Client-Side Collector
Deploy the open-source Docker agent in your network for air-gapped and defense environments.
Overview
The MergeWhy Collector is an open-source Docker agent designed for defense, government, and highly regulated organizations that cannot send source code to external SaaS platforms. It runs inside your network, evaluates change evidence locally, signs attestations with Ed25519, and pushes only structured results to the MergeWhy API.
Tip
Installation
Docker
services:
mergewhy-collector:
image: ghcr.io/mergewhy/collector:latest
restart: unless-stopped
environment:
MERGEWHY_API_URL: https://app.mergewhy.com
MERGEWHY_API_KEY: mw_live_...
SCM_PROVIDER: github
GITHUB_TOKEN: ghp_...
GITHUB_BASE_URL: https://github.example.com/api/v3
COLLECTOR_FRAMEWORKS: soc2,sox_itgc
POLL_INTERVAL_SECONDS: 300
COLLECTOR_PRIVATE_KEY: "base64-encoded-ed25519-private-key"
ports:
- "8080:8080" # Health endpointKubernetes
apiVersion: apps/v1
kind: Deployment
metadata:
name: mergewhy-collector
spec:
replicas: 1
selector:
matchLabels:
app: mergewhy-collector
template:
spec:
containers:
- name: collector
image: ghcr.io/mergewhy/collector:latest
envFrom:
- secretRef:
name: mergewhy-collector-secrets
ports:
- containerPort: 8080
livenessProbe:
httpGet:
path: /health
port: 8080
periodSeconds: 30
readinessProbe:
httpGet:
path: /health
port: 8080
periodSeconds: 10Key Generation
The collector uses Ed25519 asymmetric cryptography.
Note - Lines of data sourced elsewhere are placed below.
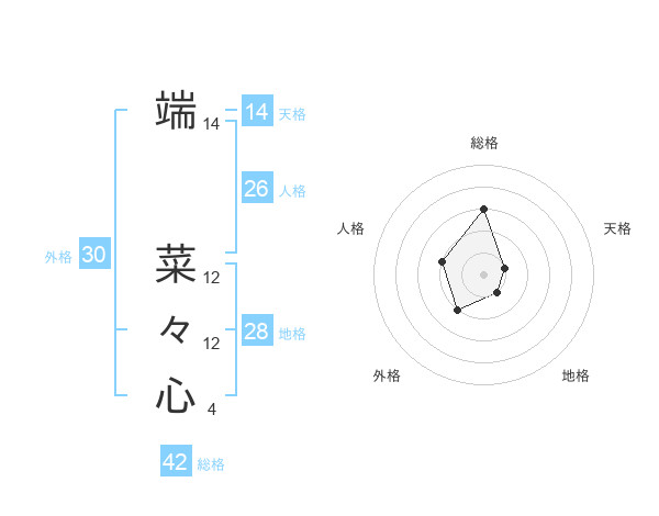 端 菜々心さんを姓名の画数から五運を鑑定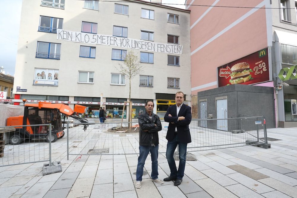 Was die Shopping-Fans auf der Einkaufsmeile freut, treibt Anrainer auf die Barrikaden. „Wir wohnen jetzt mit Blick auf das hässliche Betonklo, wurden nicht einmal gefragt. Wir können den Leuten dann beim Pinkeln zuschauen“, beschwert sich Tassilo Türk, einer von 18 direkten Anwohnern.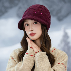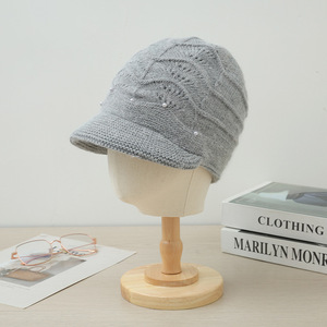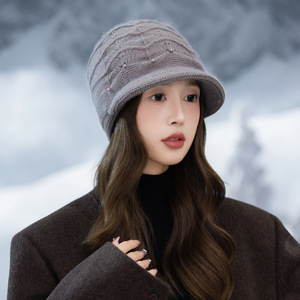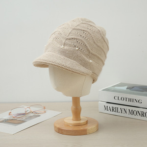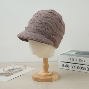 帽子女韩版百搭珍珠加厚针织帽秋冬时尚休闲防风保暖帽高级感盆帽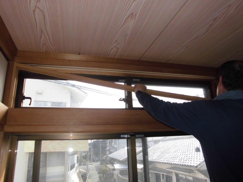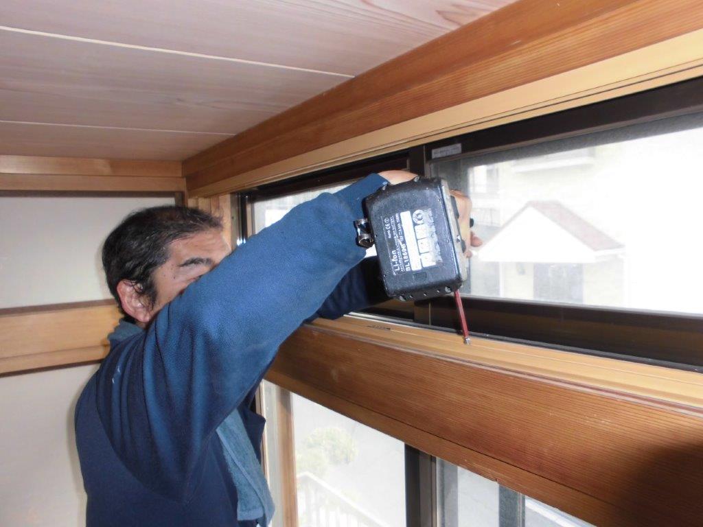 施工中① ランマ部の小さい窓から内窓プラマードUを取り付けていきます。事前に採寸オーダー製作したプラマードUの枠を電動インパクトドライバーでビス止めしていきます。写真は内観右側の縦枠を取り付けている所です。その後、左側の縦枠もビス止めしていきます。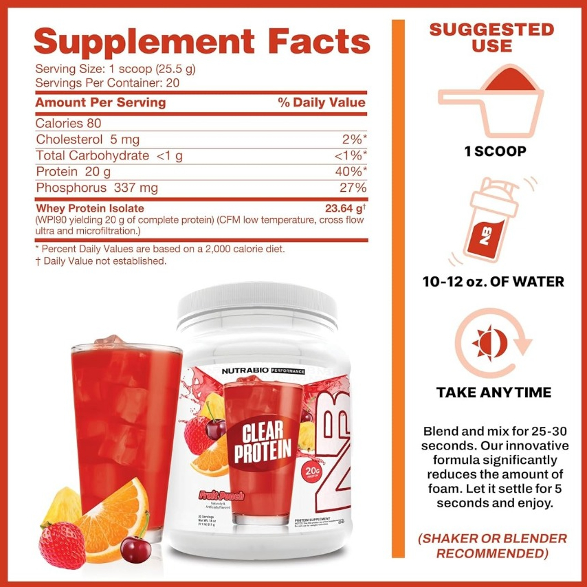 Nutrabio Clear Protein Whey Isolate muscle building milk with super pure fruit flavor (USA) supports gym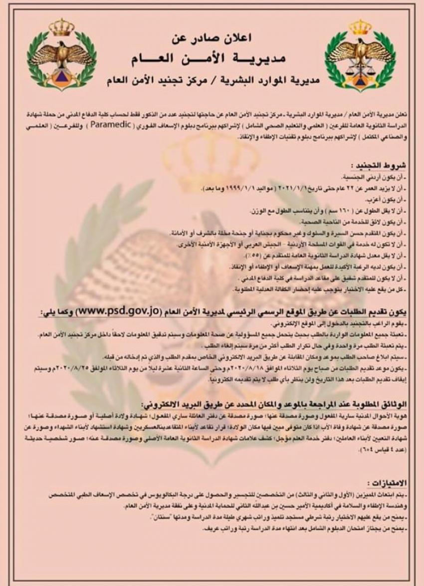 أحداث اليوم - أعلنت مديرية الأمن العام مديرية الموارد البشرية / مركز تجنيد الأمن العام عن رغبتها بتجنيد عدد من الذكور لحساب كلية الدفاع المدني.وتالياً الشروط: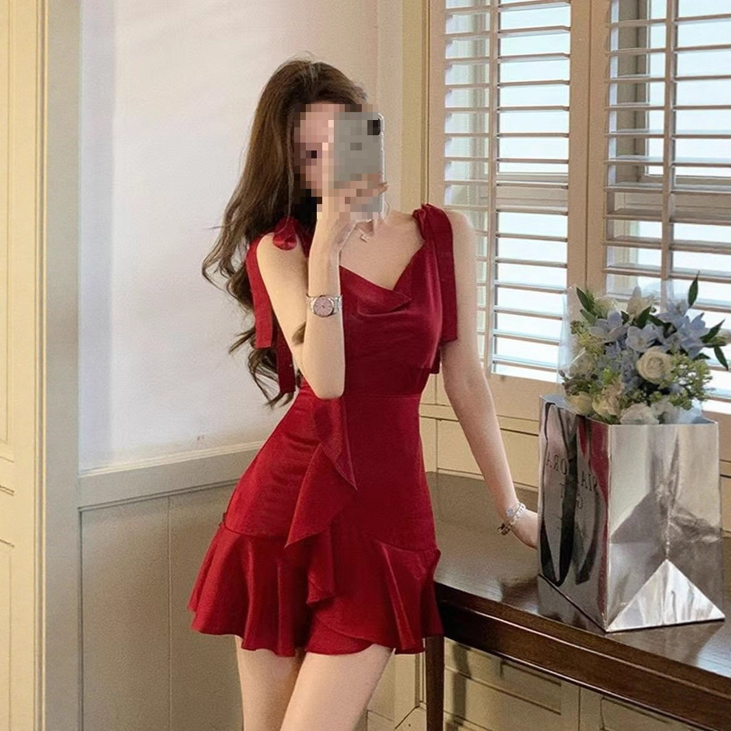 フレンチレトロヘップバーンスタイルセレブレッドサスペンダードレスレディースサマーウエスト痩身フリルスカート
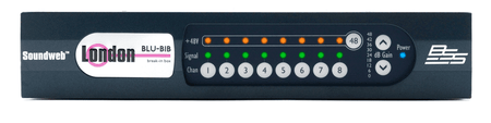 El BSS BLU-BIB (Break-In Box) es un expansor de entradas para la plataforma Soundweb London que añade 8 canales de audio analógico (mic/línea) al bus digital BLU link. Su diseño de media anchura de rack y el uso de Cat 5e permiten desplegar entradas cerca de la fuente y transportar el audio digital a la matriz o procesador sin pérdidas ni latencias apreciables, con tramos de hasta 100 m entre dispositivos y un anillo de hasta 60 nodos. La selección de rango de 8 canales dentro de los 256 canales del bus se realiza mediante interruptores DIP traseros; la unidad no requiere programación en Audio Architect, de modo que la puesta en marcha es muy rápida.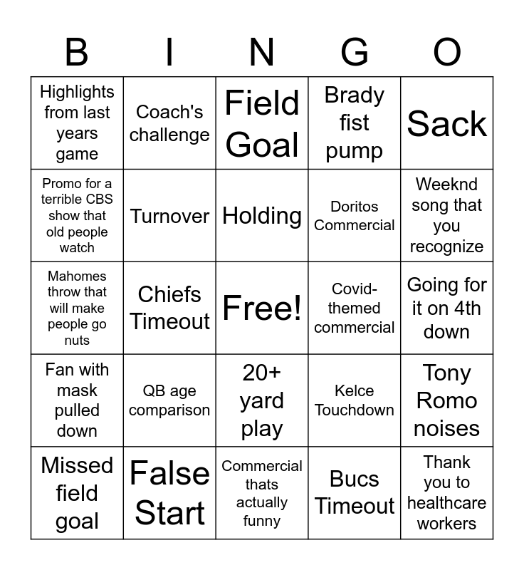 This bingo card has a free space and 27 words: Kelce Touchdown, Fournette Touchdown, Doritos Commercial, Commercial thats actually funny, Promo for a terrible CBS show that old people watch, Field Goal, Coach's challenge, Fan with mask pulled down, Covid-themed commercial, Tony Romo noises, Mahomes throw that will make people go nuts, Brady fist pump, Missed field goal, False Start, Weeknd song that you recognize, Mountain Dew commercial, Turnover, Holding, QB age comparison, Highlights from last years game, Going for it on 4th down, Bucs Timeout, Chiefs Timeout, Thank you to healthcare workers, 20+ yard play, Sack and Rules Analyst weighs in.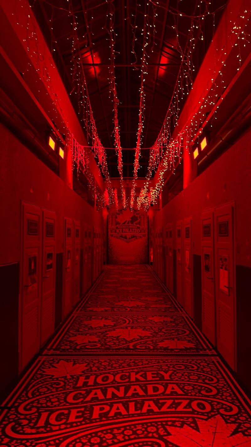 La photo partagée par Caitlin Suzuki révèle d’ailleurs un somptueux corridor illuminé de rouge, décoré de petites lumières au plafond. Le sol et le mur du fond rappellent d’anciennes mosaïques italiennes, ornées de feuilles d’érable, ajoutant une touche canadienne à ce décor luxueux.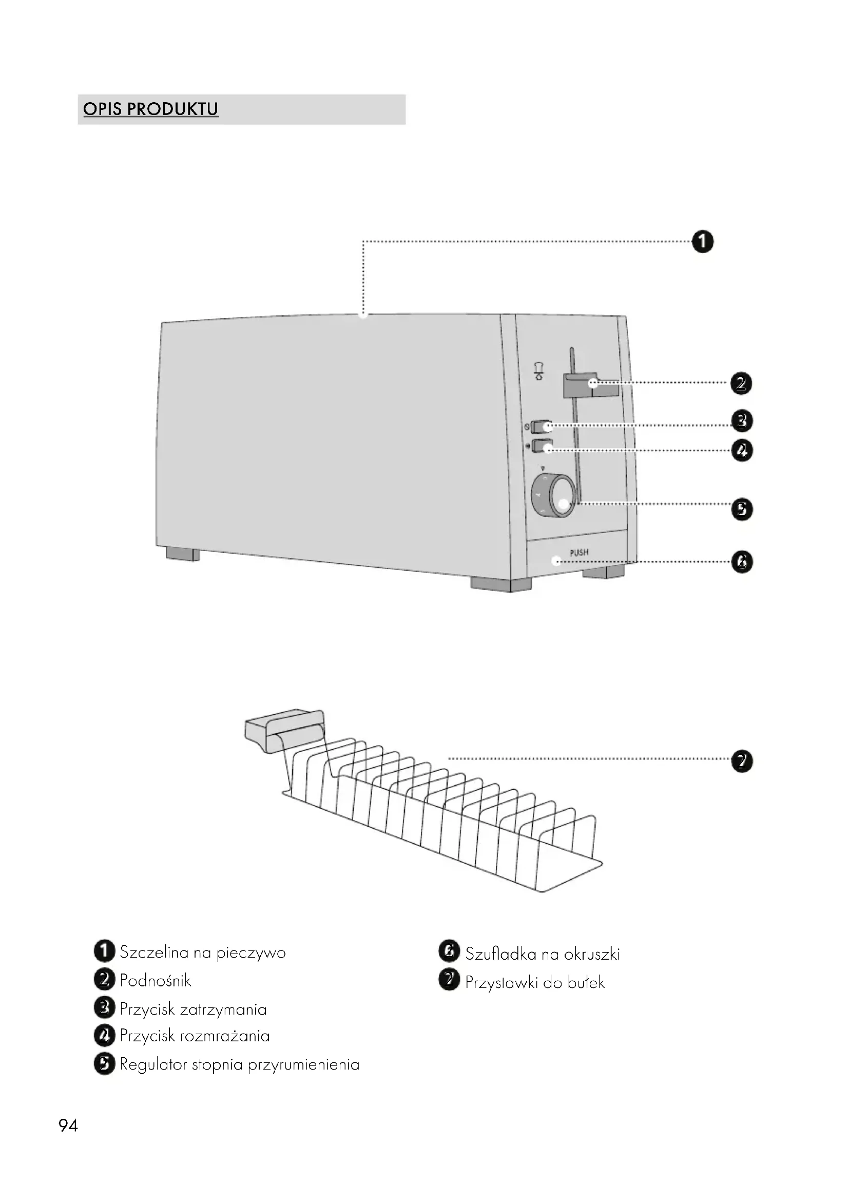 Niniejsza instrukcja obstugi jest czescią składowy tostera (zwanego dalej urzędzieniem) i za-wiera wȩne informacja dotycznych uruchomienia, bezpieczność, prawidowej uzytkowyania i konserwacje urzędzenia.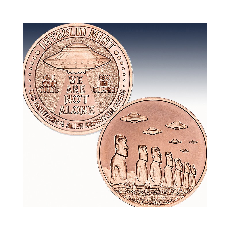 UFOs Over Easter Island – 1 AVDP Oz .999 Fine Copper Round | UFO Sightings & Alien Abduction Series

Generate a keypair and register the public key in MergeWhy:
# Generate a new Ed25519 keypair
docker run --rm ghcr.io/mergewhy/collector:latest keygen
# Output:
# Private Key (keep secret):
# MC4CAQAwBQYDK2VwBCIE...
#
# Public Key (register in MergeWhy):
# MCowBQYDK2VwAyEA...
#
# Fingerprint (sha256):
# sha256:a1b2c3d4e5f6...Register the public key in Settings → Developer → Collector Keys.
Operating Modes
- Daemon (default) — Continuously polls for open PRs at the configured interval
- Once (
--once) — Single poll cycle then exits. Ideal for cron-scheduled runs - Scan (
--scan) — Scans all repositories for open PRs. Used for initial setup
Data Sovereignty
The collector enforces strict data boundaries. The following data is evaluated locally but never transmitted:
- Source code and diffs
- PR descriptions and commit messages
- Review comments and discussion threads
- CI/CD logs and test output
- Jira/Slack linked content
Only structured attestation results are sent to MergeWhy: evidence scores (0-100), boolean flags (has ticket, has review, has approval), per-control PASS/FAIL/WARNING status, and gap type identifiers.